• [Given information]

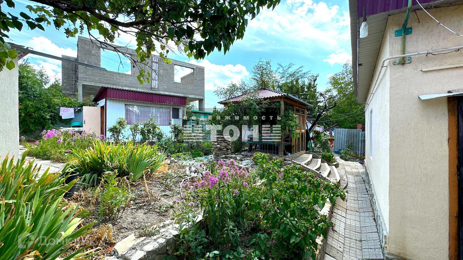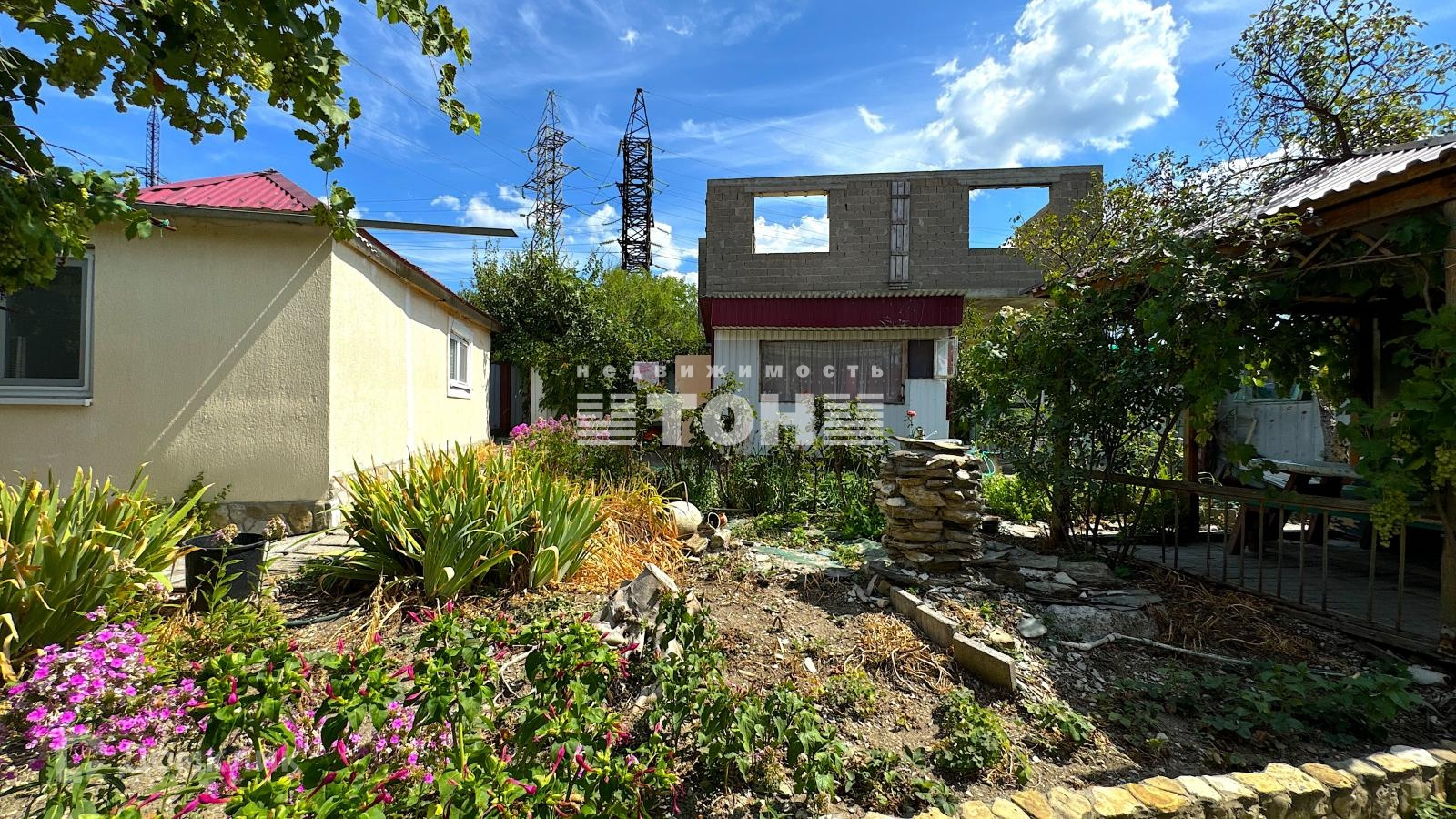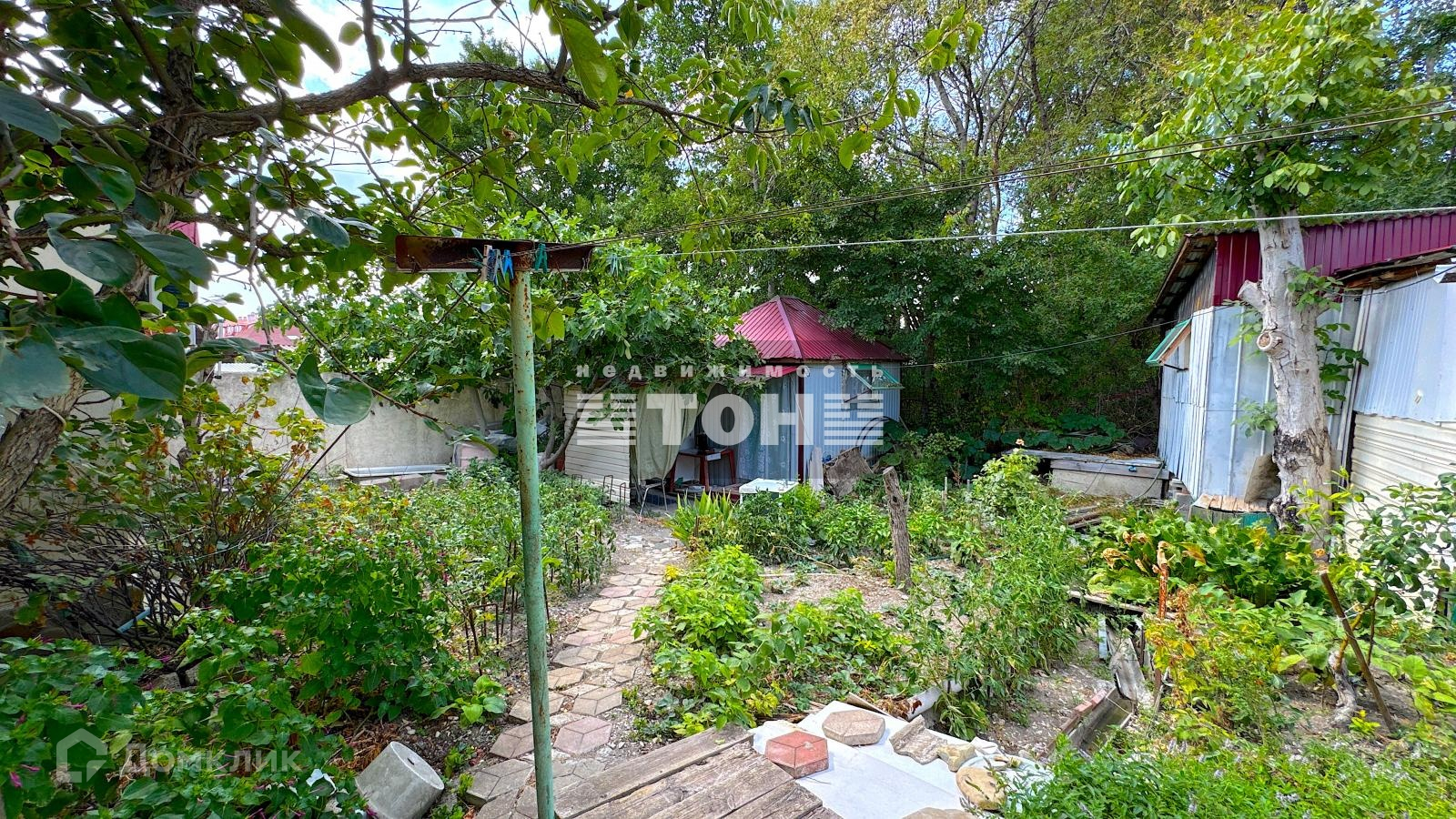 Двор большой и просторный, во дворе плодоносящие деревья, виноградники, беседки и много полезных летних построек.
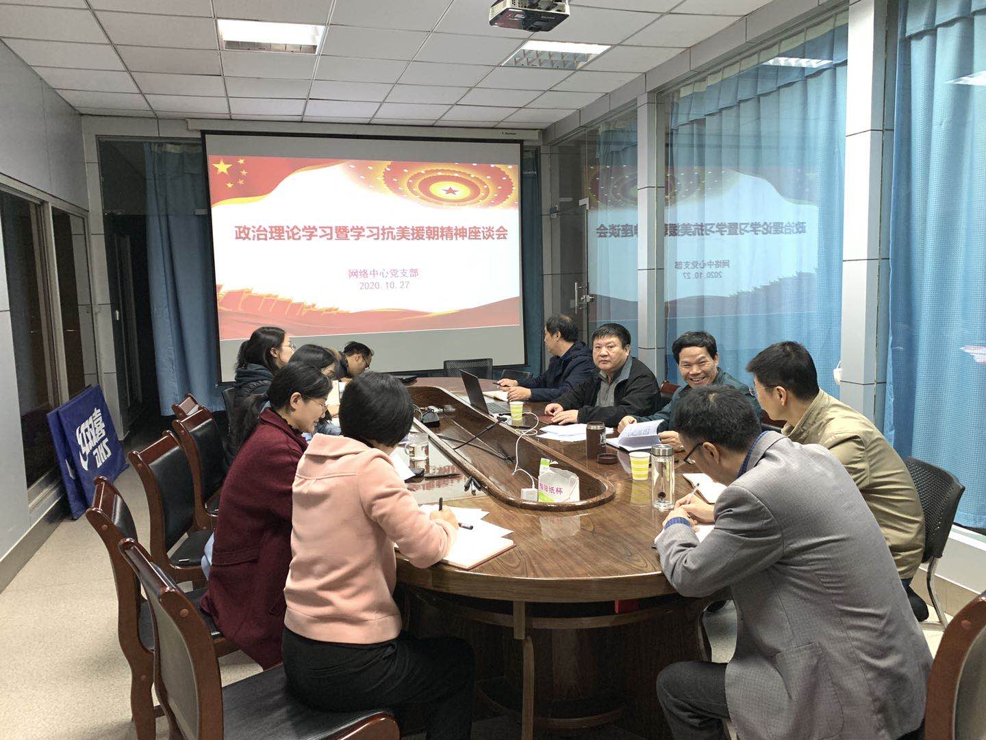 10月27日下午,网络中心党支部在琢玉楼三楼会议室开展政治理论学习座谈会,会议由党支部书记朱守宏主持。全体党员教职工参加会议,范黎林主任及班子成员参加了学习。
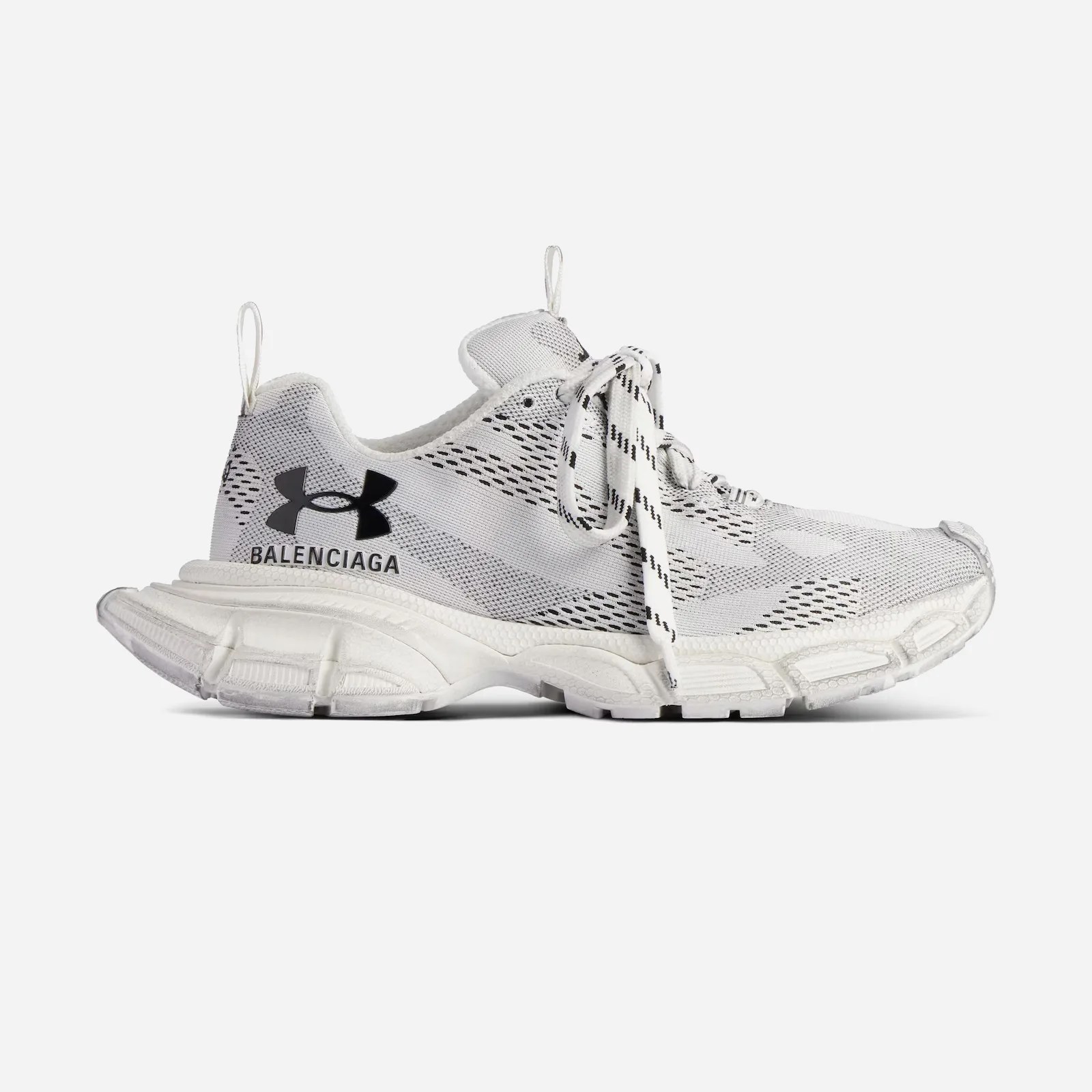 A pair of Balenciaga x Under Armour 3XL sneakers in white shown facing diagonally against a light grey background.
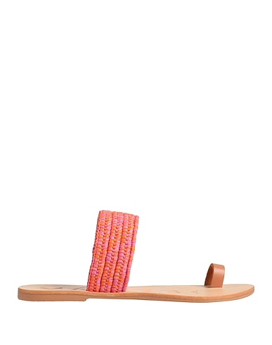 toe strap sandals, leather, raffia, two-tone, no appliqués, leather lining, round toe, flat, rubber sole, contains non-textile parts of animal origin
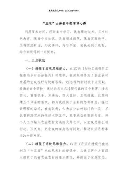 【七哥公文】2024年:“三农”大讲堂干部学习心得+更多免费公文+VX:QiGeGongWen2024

• [Task description]
Your reply should restate every entry exactly, with the pictures left out.

• [Output for this exercise]
 Двор большой и просторный, во дворе плодоносящие деревья, виноградники, беседки и много полезных летних построек.
 10月27日下午,网络中心党支部在琢玉楼三楼会议室开展政治理论学习座谈会,会议由党支部书记朱守宏主持。全体党员教职工参加会议,范黎林主任及班子成员参加了学习。
 A pair of Balenciaga x Under Armour 3XL sneakers in white shown facing diagonally against a light grey background.
 toe strap sandals, leather, raffia, two-tone, no appliqués, leather lining, round toe, flat, rubber sole, contains non-textile parts of animal origin
 【七哥公文】2024年:“三农”大讲堂干部学习心得+更多免费公文+VX:QiGeGongWen2024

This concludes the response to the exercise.